§ Work item
For the entries below, state how many lines contain the word "price" and add nothing else.

Records drawn from a dataset:

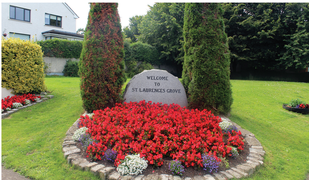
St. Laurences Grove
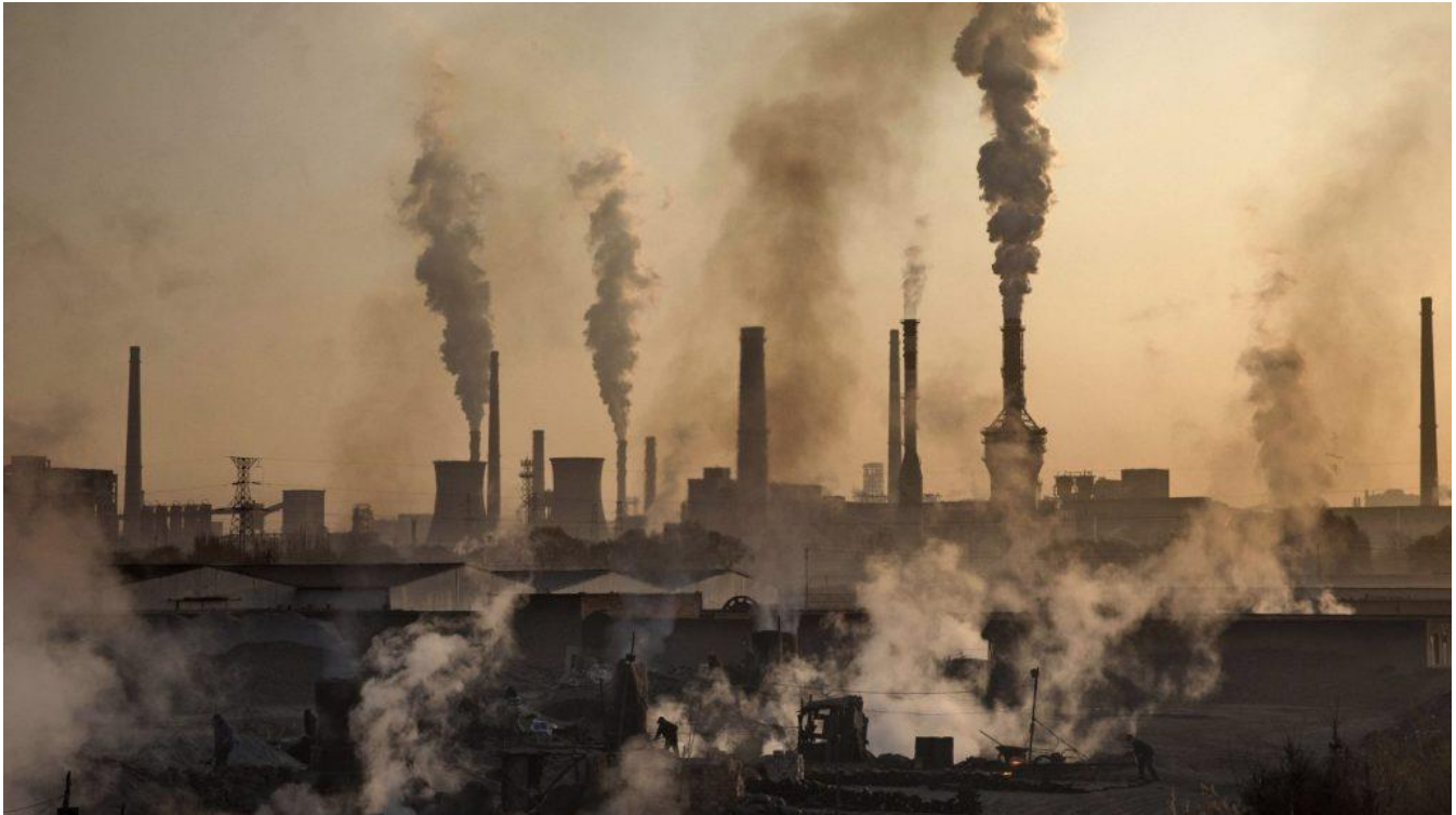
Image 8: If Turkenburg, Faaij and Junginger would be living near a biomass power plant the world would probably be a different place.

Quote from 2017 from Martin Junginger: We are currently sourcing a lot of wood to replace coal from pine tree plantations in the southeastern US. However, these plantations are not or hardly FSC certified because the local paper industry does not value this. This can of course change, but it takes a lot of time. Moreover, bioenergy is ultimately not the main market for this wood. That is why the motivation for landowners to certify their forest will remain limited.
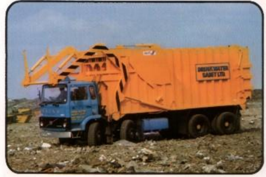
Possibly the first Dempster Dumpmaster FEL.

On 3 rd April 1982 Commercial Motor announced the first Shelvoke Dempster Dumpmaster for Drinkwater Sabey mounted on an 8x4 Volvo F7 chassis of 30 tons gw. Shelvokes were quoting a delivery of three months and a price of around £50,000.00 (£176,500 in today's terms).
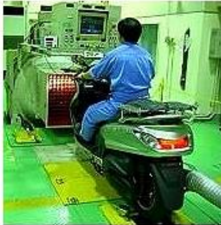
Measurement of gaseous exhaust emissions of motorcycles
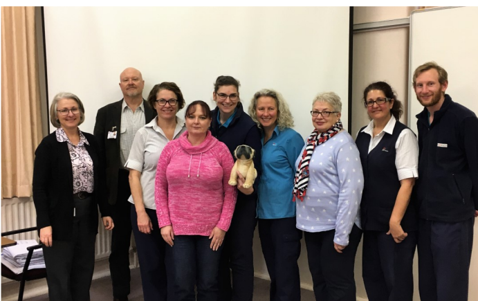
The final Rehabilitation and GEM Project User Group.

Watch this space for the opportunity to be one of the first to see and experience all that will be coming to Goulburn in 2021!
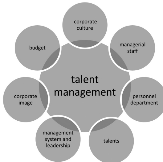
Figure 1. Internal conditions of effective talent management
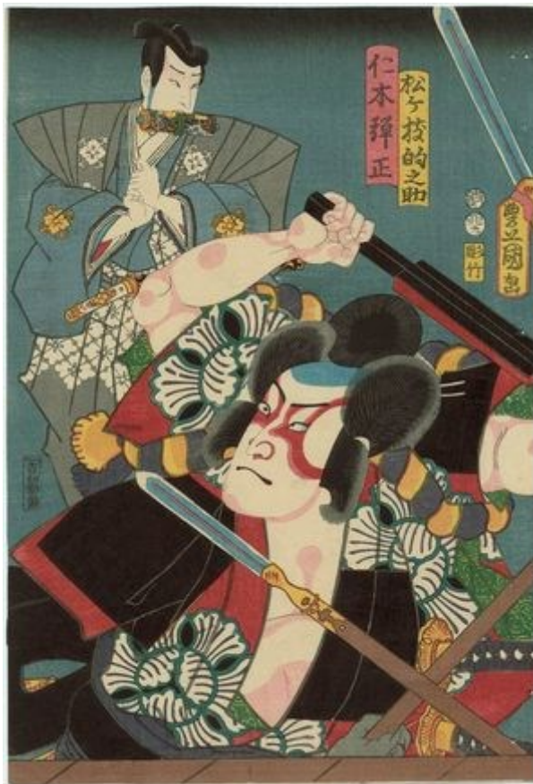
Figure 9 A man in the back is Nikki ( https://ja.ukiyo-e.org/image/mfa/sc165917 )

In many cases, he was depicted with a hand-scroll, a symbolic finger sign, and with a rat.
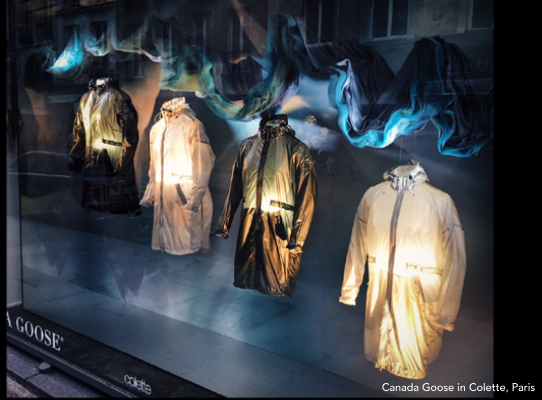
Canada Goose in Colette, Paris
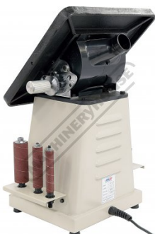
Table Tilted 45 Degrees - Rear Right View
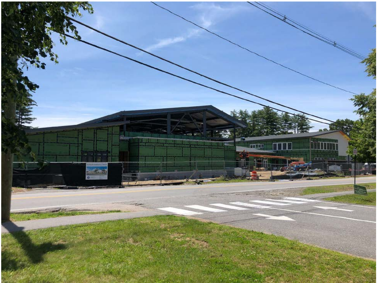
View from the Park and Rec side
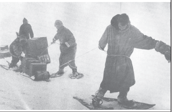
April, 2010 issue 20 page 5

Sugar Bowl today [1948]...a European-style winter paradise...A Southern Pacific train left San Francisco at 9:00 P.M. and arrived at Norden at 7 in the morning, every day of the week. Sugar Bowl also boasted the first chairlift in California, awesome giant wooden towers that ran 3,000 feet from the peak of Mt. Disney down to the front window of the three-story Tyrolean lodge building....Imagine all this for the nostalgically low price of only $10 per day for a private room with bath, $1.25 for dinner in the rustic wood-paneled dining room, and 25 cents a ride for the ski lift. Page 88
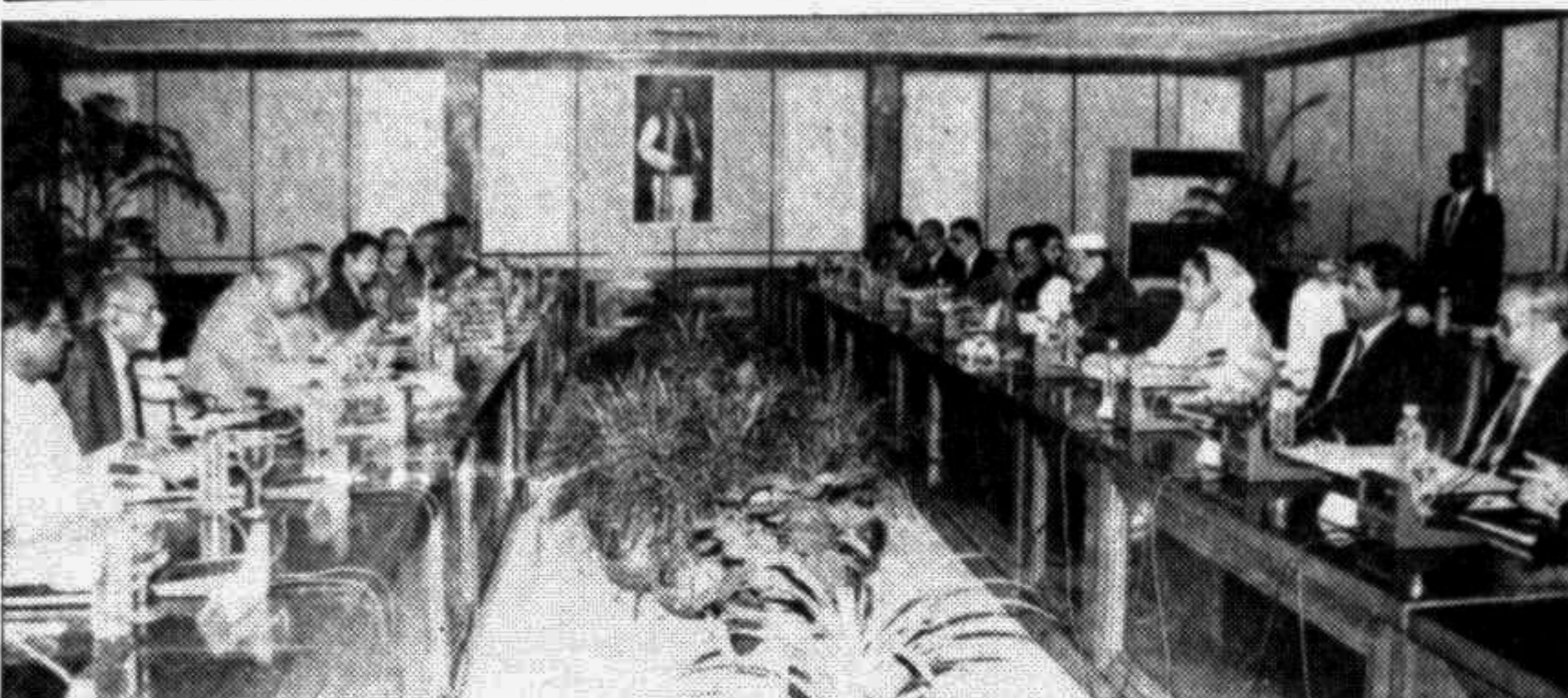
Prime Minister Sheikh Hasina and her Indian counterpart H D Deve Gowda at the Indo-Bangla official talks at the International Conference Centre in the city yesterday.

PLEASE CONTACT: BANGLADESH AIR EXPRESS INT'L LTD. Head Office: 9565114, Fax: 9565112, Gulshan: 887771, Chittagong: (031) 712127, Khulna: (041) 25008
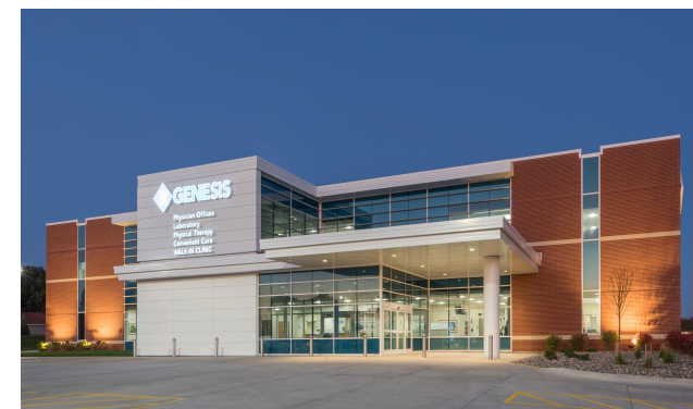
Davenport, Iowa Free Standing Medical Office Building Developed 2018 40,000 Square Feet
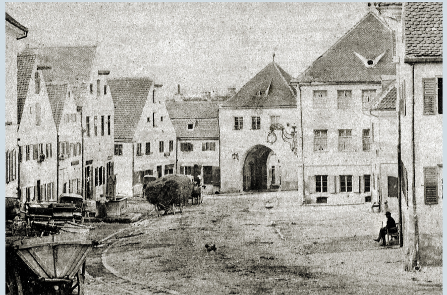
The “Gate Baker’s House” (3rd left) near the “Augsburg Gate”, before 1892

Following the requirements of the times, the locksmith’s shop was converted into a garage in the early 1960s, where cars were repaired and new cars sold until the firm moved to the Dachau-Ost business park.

§ Reply
2